Smuin Ballet’s Spring Bouquet May 17

30 May

It took a while to register why Helen Pickett’s Petal took so long to be introduced to Bay Area audiences by Smuin Ballet.  As the seventeen person ensemble closed its season at Yerba Buena’s Lam Research Theatre I remembered a comment about Yuri Possokhov’s Cinderella to the effect that the Bolshoi had exclusive rights to the production for five years.  I suspect the same reasoning may have applied to Petal, premiered by the Aspen Ballet in 2007.

It was worth the wait, an eight-person sleek sunny-toned work between Smuin’s Chanson’s d’Auvergne and Jazzin’ by Darrell Grand Moultrie, with handsome lemon-lime tights for the women with the men bare-chested dancing within lemon yellow to orange orange walls, athletic when on pointe or in grand jetes. Set to the deliberate repetitiveness of Philip Glass with additions by Thomas Montgomery Newman, it reminds one again how balletic abstraction and Glass work well together, clean sculptural work en pointe as evidence.

Rounding out the program with yet another texture was Moultrie’s Jazzin’ with its wonderful collection of jazz songs, creating an ambiance of textures – from gentle, slightly romantic French folk song tradition, to contemporary music and finishing with the immediacy of jazz singing: excellent programming.
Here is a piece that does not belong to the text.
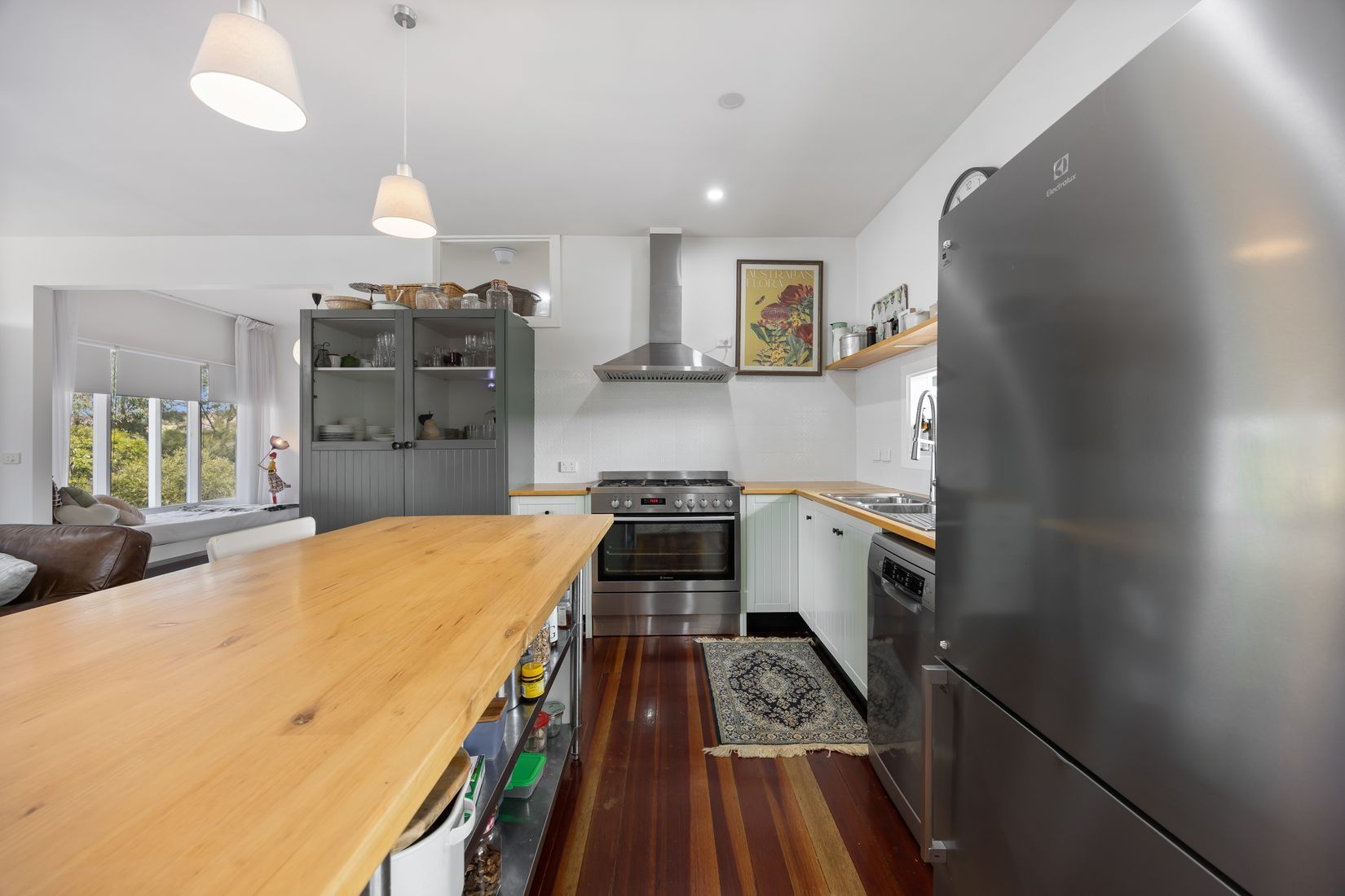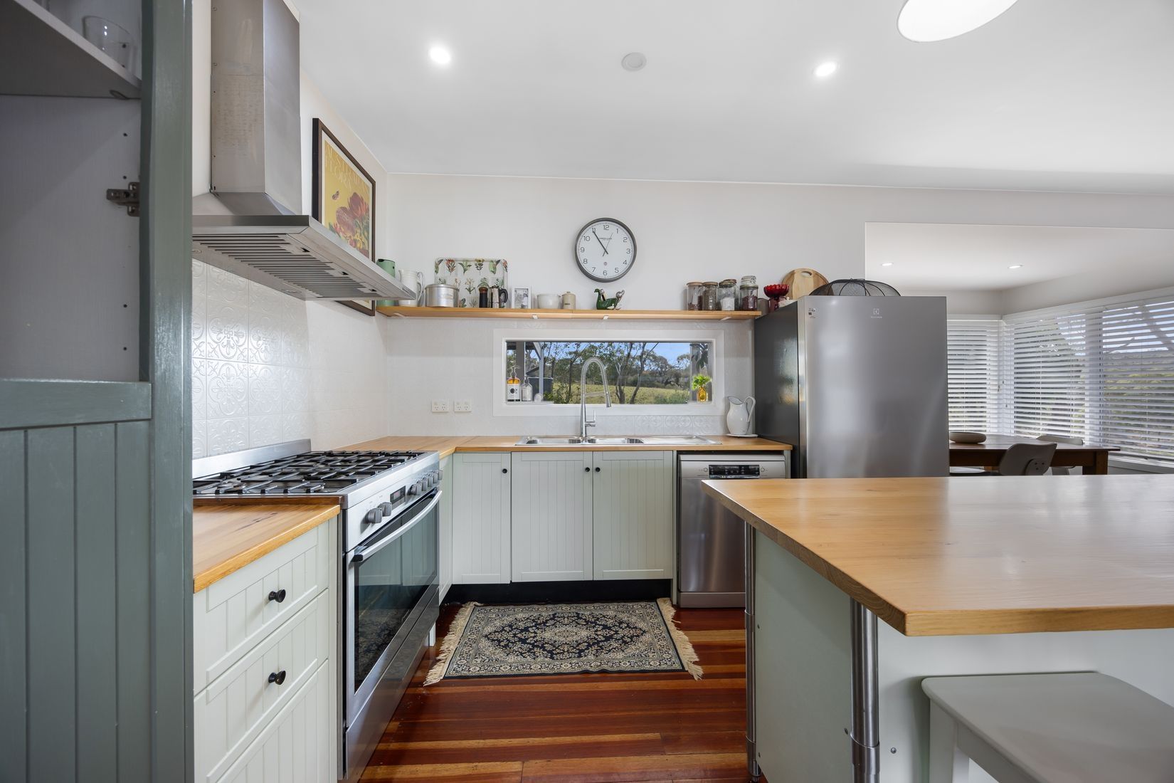 The updated kitchen is a cook's delight equipped with modern appliances, timber top benches and an adjoining dining/sunroom perfect for entertaining.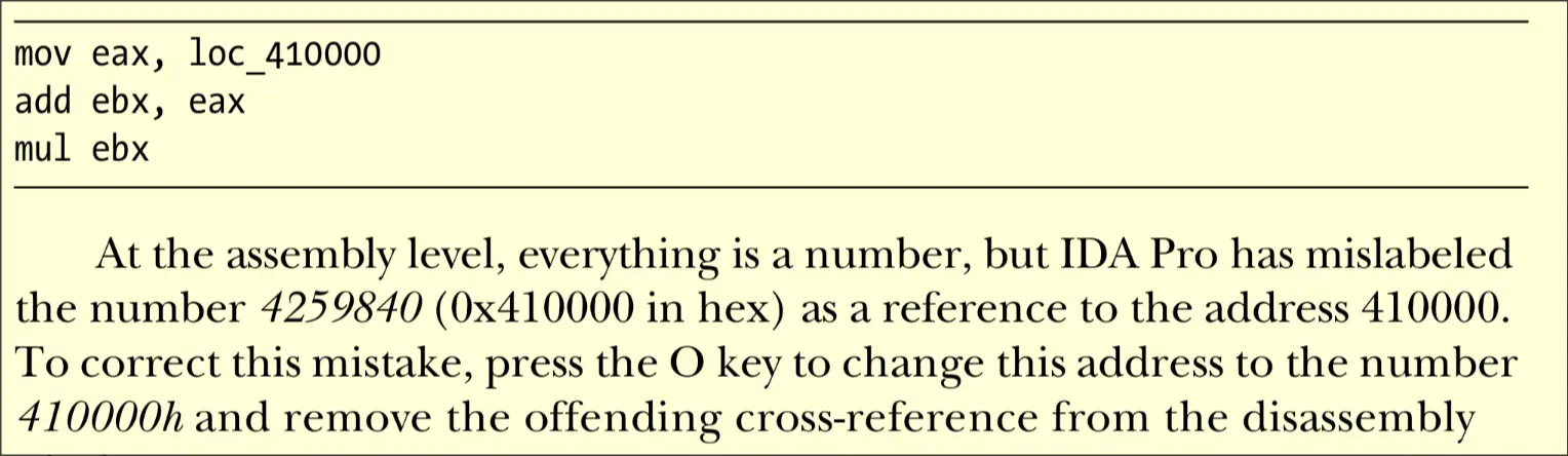 If IDA mislabels a reference to data, or data as a reference you can use O to change.

There were one or two gutsy sets of lyrics for which Moultrie created amusing skits, allowing for chuckles, that comparative rarity with serious dance ensembles. “Spring in My Step” featured blonde Erica Felsch whose bottoms up postures in black were a little disconcerting but delivered with a nonchalance saving the dance from vulgarity. Jane Rehm danced “Takin’ No Mess” dealing with furniture in a second hand store replete with double entendre again freed froom burlesque, but such fun.  Joshua Reynolds’ “So Low” testified to the benefit Smuin Ballet has derived from his addition to the dancers’ list.

If this program is indicative Smuin Ballet is well on its way to new and rewarding adventures.